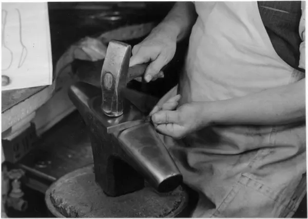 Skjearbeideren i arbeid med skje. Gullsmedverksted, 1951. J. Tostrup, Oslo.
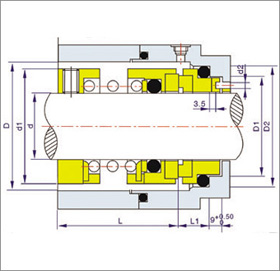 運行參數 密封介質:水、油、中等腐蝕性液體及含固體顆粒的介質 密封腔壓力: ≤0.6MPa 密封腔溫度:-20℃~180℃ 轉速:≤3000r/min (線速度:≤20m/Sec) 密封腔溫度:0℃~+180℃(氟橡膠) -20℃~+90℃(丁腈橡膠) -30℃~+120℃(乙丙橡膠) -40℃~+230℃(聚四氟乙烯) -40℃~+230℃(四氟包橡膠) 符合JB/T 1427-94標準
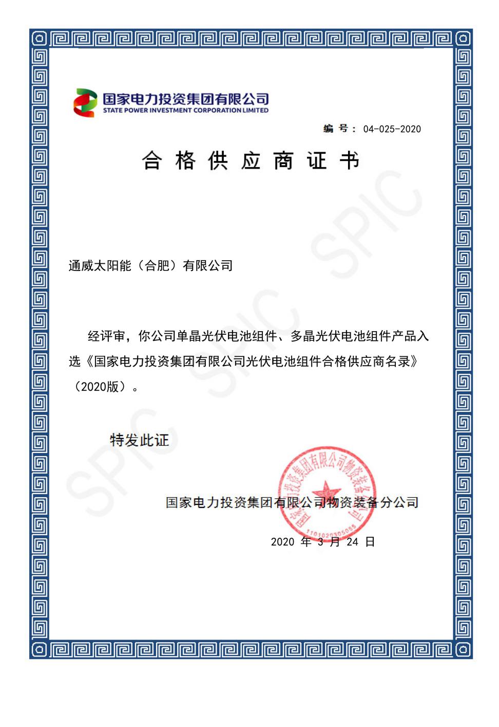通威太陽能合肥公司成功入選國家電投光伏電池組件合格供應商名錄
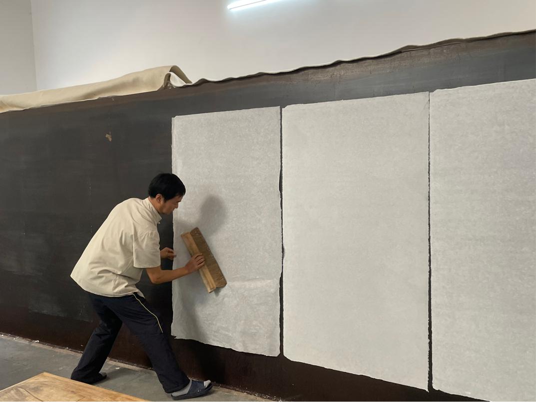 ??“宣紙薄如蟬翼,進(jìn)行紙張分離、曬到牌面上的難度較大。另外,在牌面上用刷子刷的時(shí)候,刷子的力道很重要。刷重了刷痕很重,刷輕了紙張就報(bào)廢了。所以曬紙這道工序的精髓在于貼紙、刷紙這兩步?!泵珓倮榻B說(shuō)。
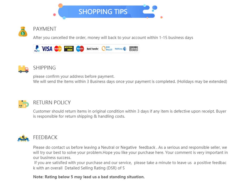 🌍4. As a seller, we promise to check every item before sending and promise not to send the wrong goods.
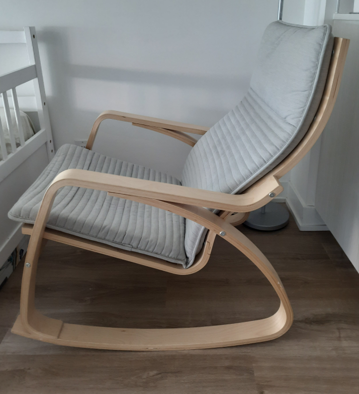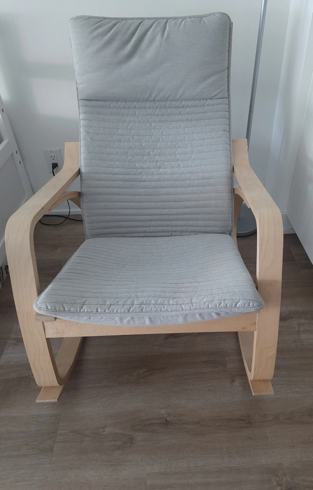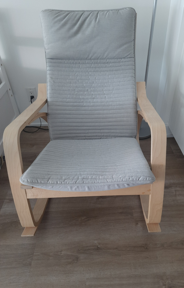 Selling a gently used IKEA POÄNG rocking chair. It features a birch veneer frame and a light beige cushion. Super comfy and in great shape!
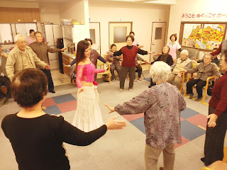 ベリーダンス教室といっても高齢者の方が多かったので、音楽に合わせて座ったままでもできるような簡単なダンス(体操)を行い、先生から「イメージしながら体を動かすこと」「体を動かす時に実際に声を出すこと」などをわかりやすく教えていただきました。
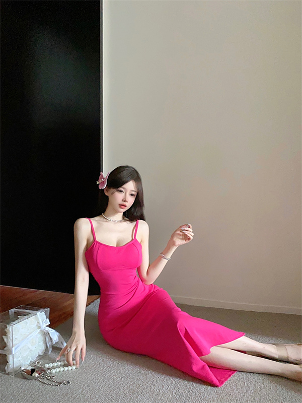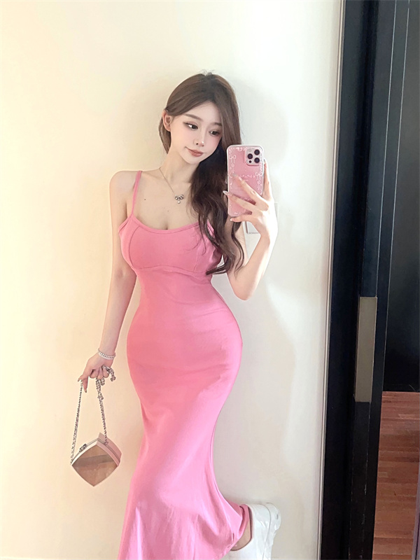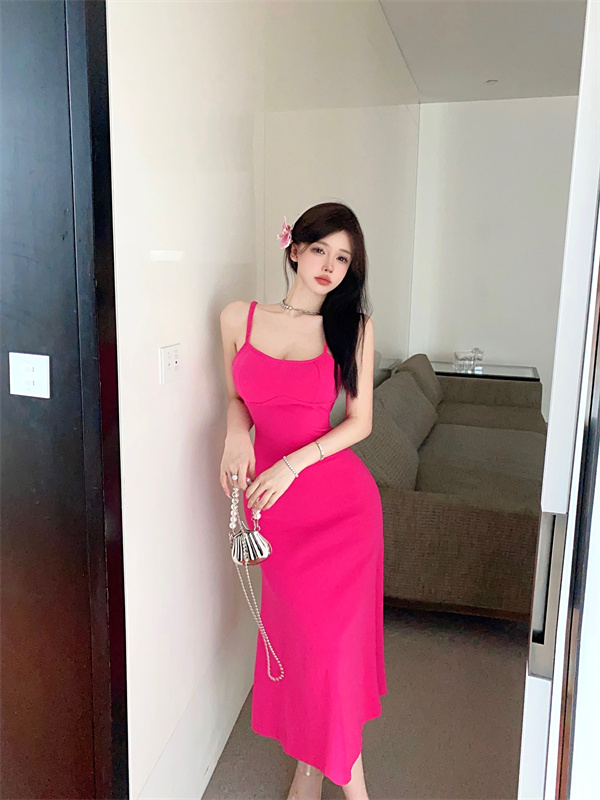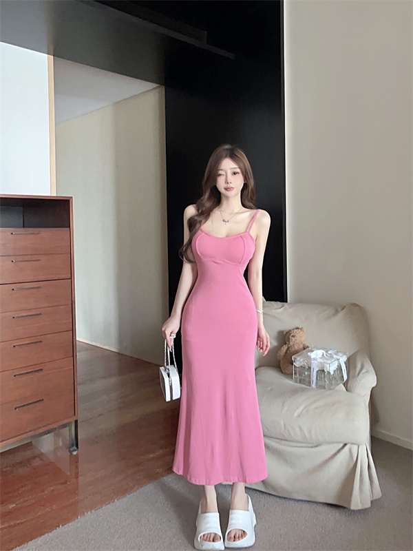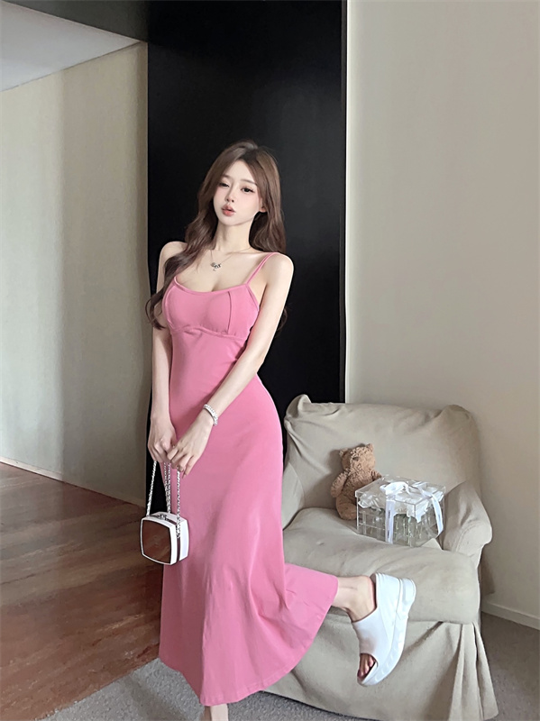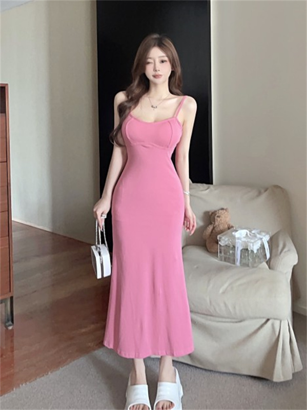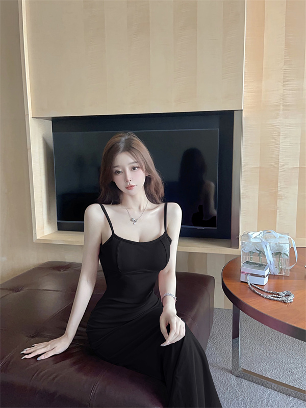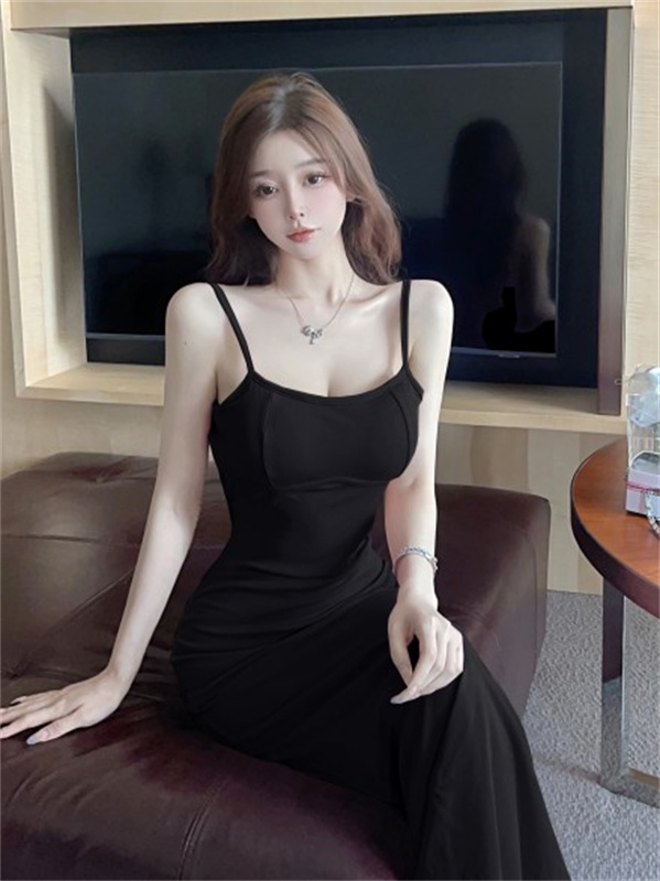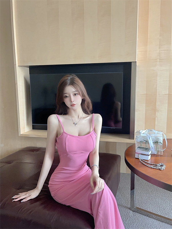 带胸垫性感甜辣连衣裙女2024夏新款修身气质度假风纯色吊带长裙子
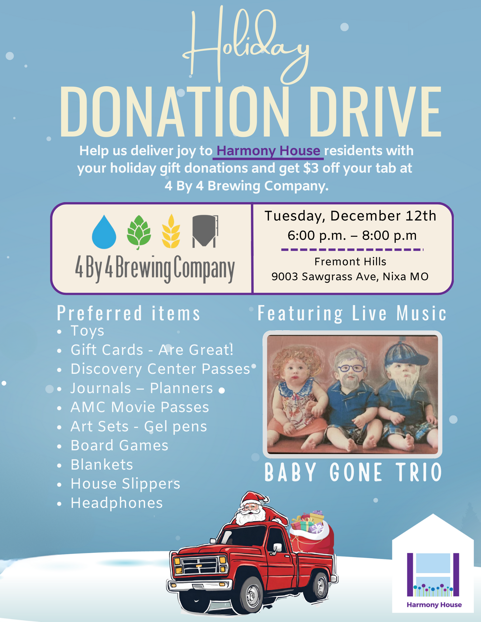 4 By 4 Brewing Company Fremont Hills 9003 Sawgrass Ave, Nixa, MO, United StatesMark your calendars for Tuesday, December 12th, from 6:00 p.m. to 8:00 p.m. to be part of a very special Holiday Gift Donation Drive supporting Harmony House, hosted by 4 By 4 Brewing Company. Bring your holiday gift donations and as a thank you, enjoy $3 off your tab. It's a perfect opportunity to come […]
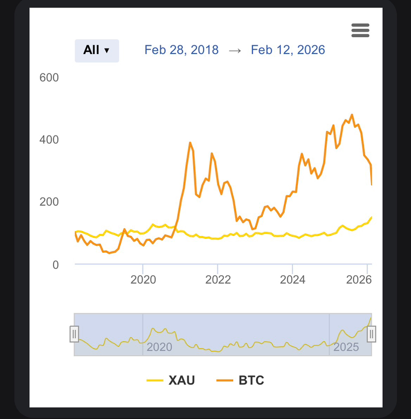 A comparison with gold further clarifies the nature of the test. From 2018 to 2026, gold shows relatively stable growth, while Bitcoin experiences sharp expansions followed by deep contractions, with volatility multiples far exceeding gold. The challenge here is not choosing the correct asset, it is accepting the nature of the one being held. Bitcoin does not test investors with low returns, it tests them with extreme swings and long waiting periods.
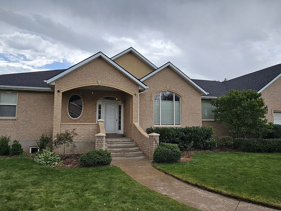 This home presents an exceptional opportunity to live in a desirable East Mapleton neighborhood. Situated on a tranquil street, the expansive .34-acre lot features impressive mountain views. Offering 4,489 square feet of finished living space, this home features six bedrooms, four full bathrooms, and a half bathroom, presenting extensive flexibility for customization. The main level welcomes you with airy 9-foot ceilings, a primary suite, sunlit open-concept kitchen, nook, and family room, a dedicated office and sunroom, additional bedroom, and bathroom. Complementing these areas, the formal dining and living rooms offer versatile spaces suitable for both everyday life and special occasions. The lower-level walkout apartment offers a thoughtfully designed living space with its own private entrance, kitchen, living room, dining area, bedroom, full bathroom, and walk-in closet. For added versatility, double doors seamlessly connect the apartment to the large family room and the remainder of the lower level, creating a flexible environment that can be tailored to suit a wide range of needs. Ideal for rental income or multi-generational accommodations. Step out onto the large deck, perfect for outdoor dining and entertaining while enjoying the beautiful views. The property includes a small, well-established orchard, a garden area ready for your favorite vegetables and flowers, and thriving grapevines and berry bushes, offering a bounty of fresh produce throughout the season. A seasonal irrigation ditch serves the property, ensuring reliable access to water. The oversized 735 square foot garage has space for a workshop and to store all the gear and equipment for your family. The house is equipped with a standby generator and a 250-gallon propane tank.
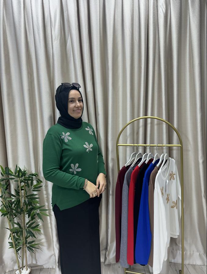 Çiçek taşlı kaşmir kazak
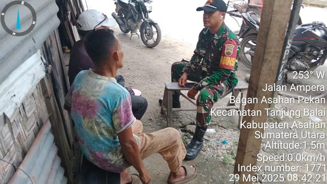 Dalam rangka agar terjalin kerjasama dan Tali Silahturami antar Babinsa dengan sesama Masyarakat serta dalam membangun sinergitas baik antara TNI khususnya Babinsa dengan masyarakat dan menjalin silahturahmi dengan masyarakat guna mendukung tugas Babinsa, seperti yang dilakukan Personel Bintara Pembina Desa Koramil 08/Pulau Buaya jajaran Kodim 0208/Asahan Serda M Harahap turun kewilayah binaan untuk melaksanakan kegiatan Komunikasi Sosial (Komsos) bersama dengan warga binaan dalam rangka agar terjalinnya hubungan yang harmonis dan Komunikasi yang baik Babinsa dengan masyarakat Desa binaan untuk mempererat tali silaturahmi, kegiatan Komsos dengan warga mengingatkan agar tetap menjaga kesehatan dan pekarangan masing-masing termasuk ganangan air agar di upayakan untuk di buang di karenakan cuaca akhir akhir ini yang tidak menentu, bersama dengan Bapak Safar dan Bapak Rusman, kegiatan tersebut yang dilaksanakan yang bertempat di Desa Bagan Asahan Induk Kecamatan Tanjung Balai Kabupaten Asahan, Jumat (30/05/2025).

::::::

• DESCRIPTION OF THE TASK: Begin with the first line of the entries above and write out each line exactly, ending with the line containing "通威太陽能合肥公司成功入選國家電投光伏電池組件合格供應商名錄". Leave out pictures.

• FINISHED EXERCISE:
 Skjearbeideren i arbeid med skje. Gullsmedverksted, 1951. J. Tostrup, Oslo.
 運行參數 密封介質:水、油、中等腐蝕性液體及含固體顆粒的介質 密封腔壓力: ≤0.6MPa 密封腔溫度:-20℃~180℃ 轉速:≤3000r/min (線速度:≤20m/Sec) 密封腔溫度:0℃~+180℃(氟橡膠) -20℃~+90℃(丁腈橡膠) -30℃~+120℃(乙丙橡膠) -40℃~+230℃(聚四氟乙烯) -40℃~+230℃(四氟包橡膠) 符合JB/T 1427-94標準
通威太陽能合肥公司成功入選國家電投光伏電池組件合格供應商名錄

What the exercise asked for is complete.